Negative business value?  Yeah, negative business value.  You actually becoming a liability to the company by not introducing new technology.  Tool sets, frameworks and programming languages all have an expiration date (within reason. I know COBOL is still alive and kicking). When they expire, your company is now in a horrible situation (especially if that expired technology is running a core business application).  Staying technically relevant removes that liability.

“So Ryan?  What is technically relevant?”

Glad you asked!  In my opinion there are a few things that every developer should be aware of right now.  Take note that I didn’t say you should be using, you should know or you should be competent in.  These are things that should have at least crossed your radar so if somebody talked to you about it you would have some basis for discussion.

1.) Unit Testing

Unit testing is pretty much beyond mainstream.  The tools to do unit testing are now shipping with Visual Studio. 
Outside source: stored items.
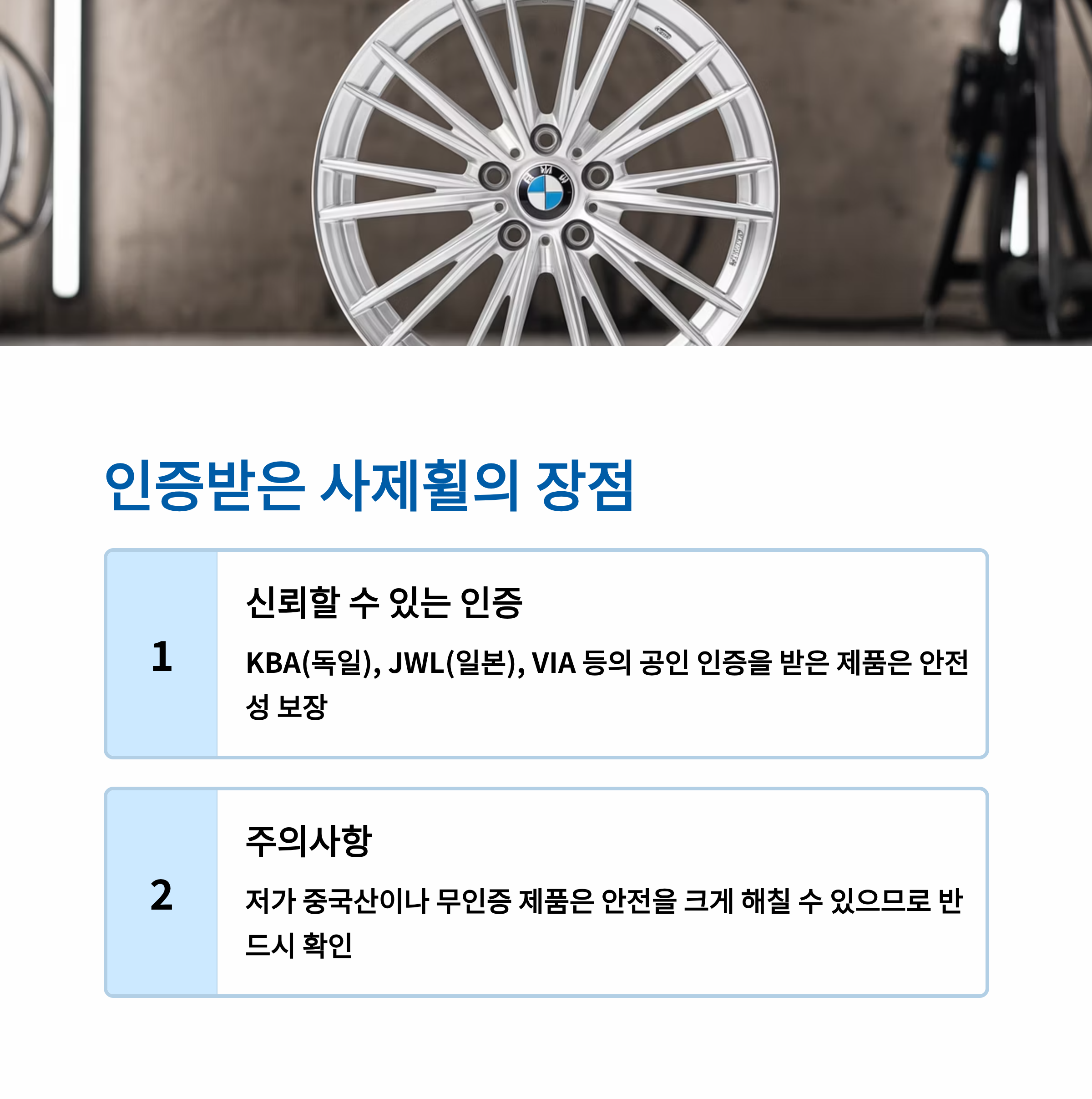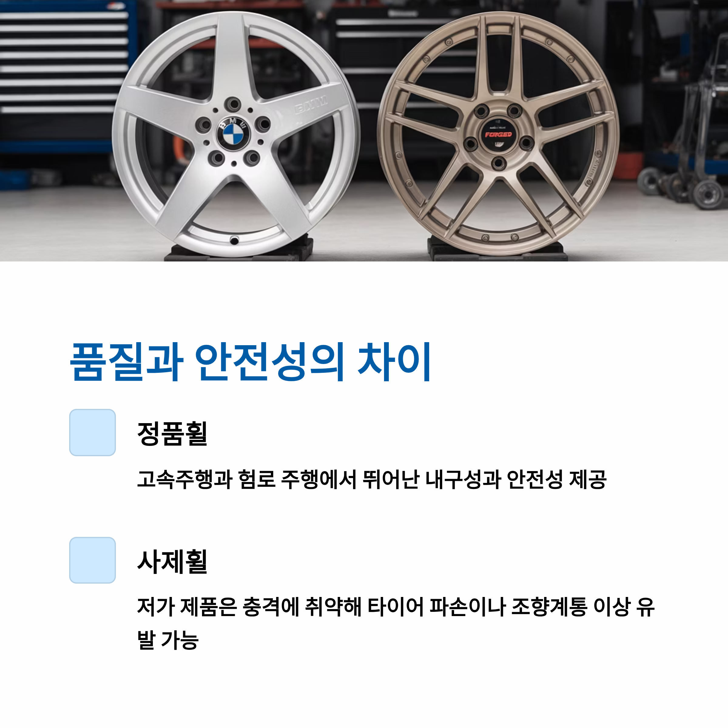 단, 저가 중국산 휠이나 인증 없는 제품은 안전을 크게 해칠 수 있으므로
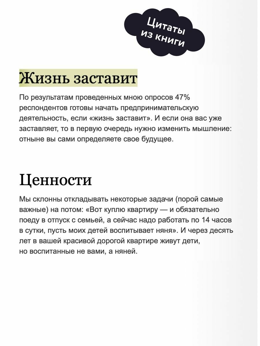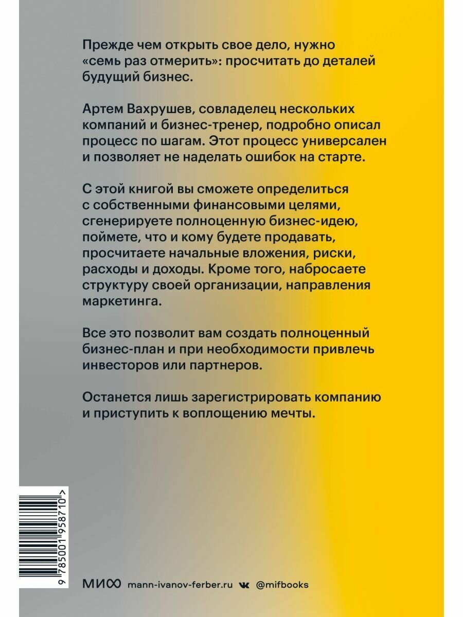 С этой книгой вы сможете определиться с собственными финансовыми целями, сгенерируете полноценную бизнес-идею, поймете, что и кому будете продавать, просчитаете начальные вложения, риски, расходы и доходы. Кроме того, набросаете структуру своей организации, направления маркетинга. Все это позволит вам создать полноценный бизнес-план и при необходимости привлечь инвесторов или партнеров.
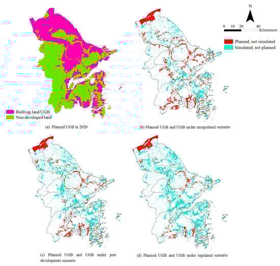 To verify the advantage of this UGB delimitation method, we conducted a comparative analysis of the simulated UGBs in three scenarios and the planned UGB in 2020 established in the NCMP. The planned UGB was defined based on the results of urban planning zoning, namely that we merged suitable construction zone and construction control zone, and delineated the boundaries of these regions. Many inconsistencies have been found between the simulated UGBs and the planned UGB (
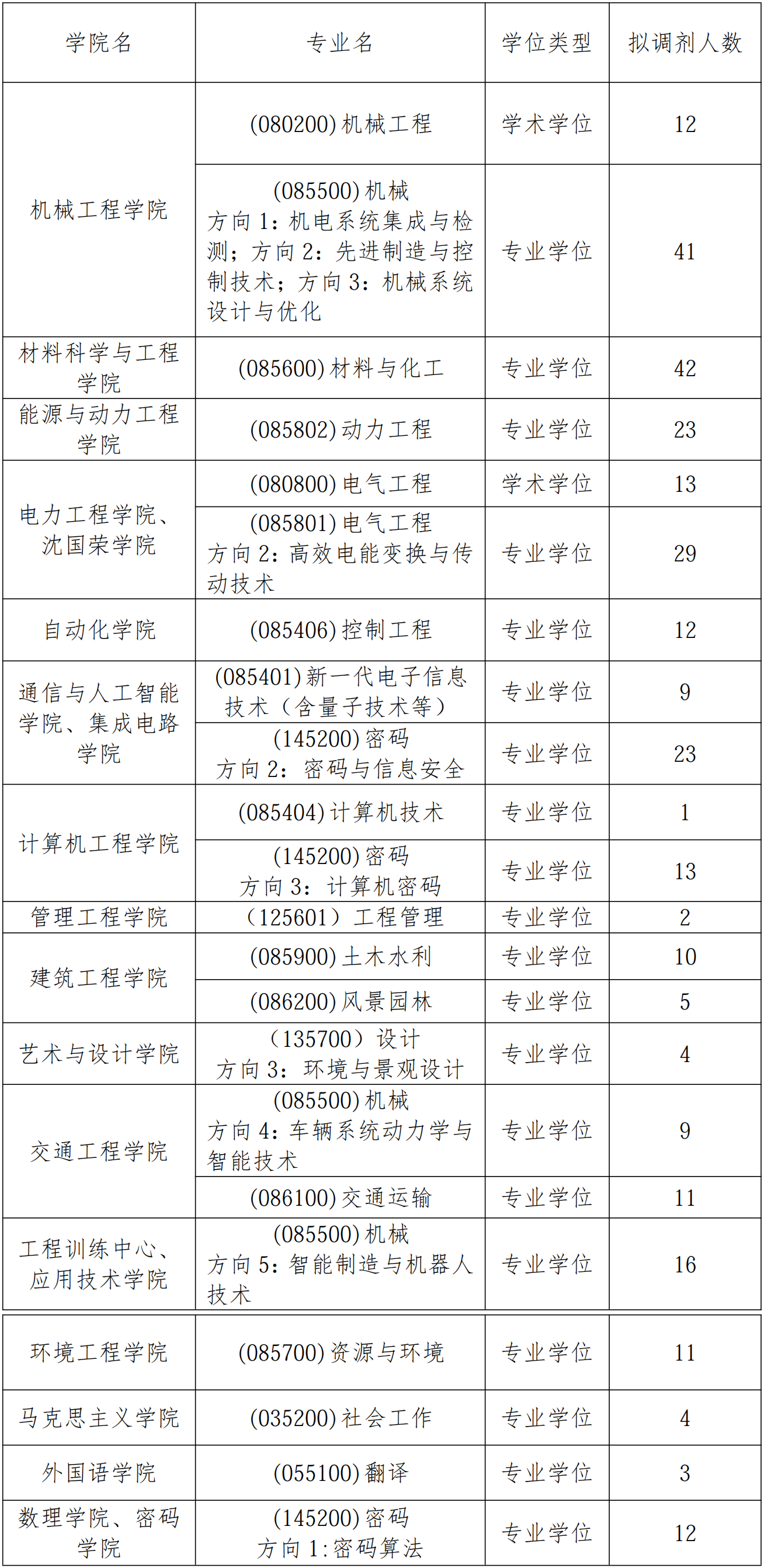 根据南京工程学院2026年硕士研究生招生计划及一志愿考生复试情况,经初步测算,以下专业拟接收调剂考生:

2.) Model-View-Controller/Model-View-Presenter

These patterns have been around a long, long time (so long in fact that they have been renamed, but nobody goes by those names yet). A lot of web and windows frameworks that are coming out (or in the Java world have been out for a long time) use these patterns.
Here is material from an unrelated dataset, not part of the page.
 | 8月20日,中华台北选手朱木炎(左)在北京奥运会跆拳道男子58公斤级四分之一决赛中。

3.) Object-Relational Mapping

I don’t care what tools you use.  If you are a developer you owe it to yourself to at least know about O/RM.  It will save you boatloads of time and money. (See: NHibernate, LINQ to Entities, LLBLGEN, iBatis, etc.)

4.) Dynamic versus Static languages

With languages like Ruby and Python being mainstream, C# adding dynamic support (Dynamic via Static) and the addition of the DLR to the .NET runtime, you need to have some understanding of why people even cared about the issue to begin with.

5.) Messaging

With the push to create isolated systems and cloud computing being “The Next Big Thing”, messaging and messaging patterns are starting to get more press.

These 5 things are items that I feel that developers need to have at least heard of. I’m not claiming to be a guru in any of these (especially messaging!) and I’m sure other developers have the 5 areas that they feel everybody should be aware of.  What technologies am I missing?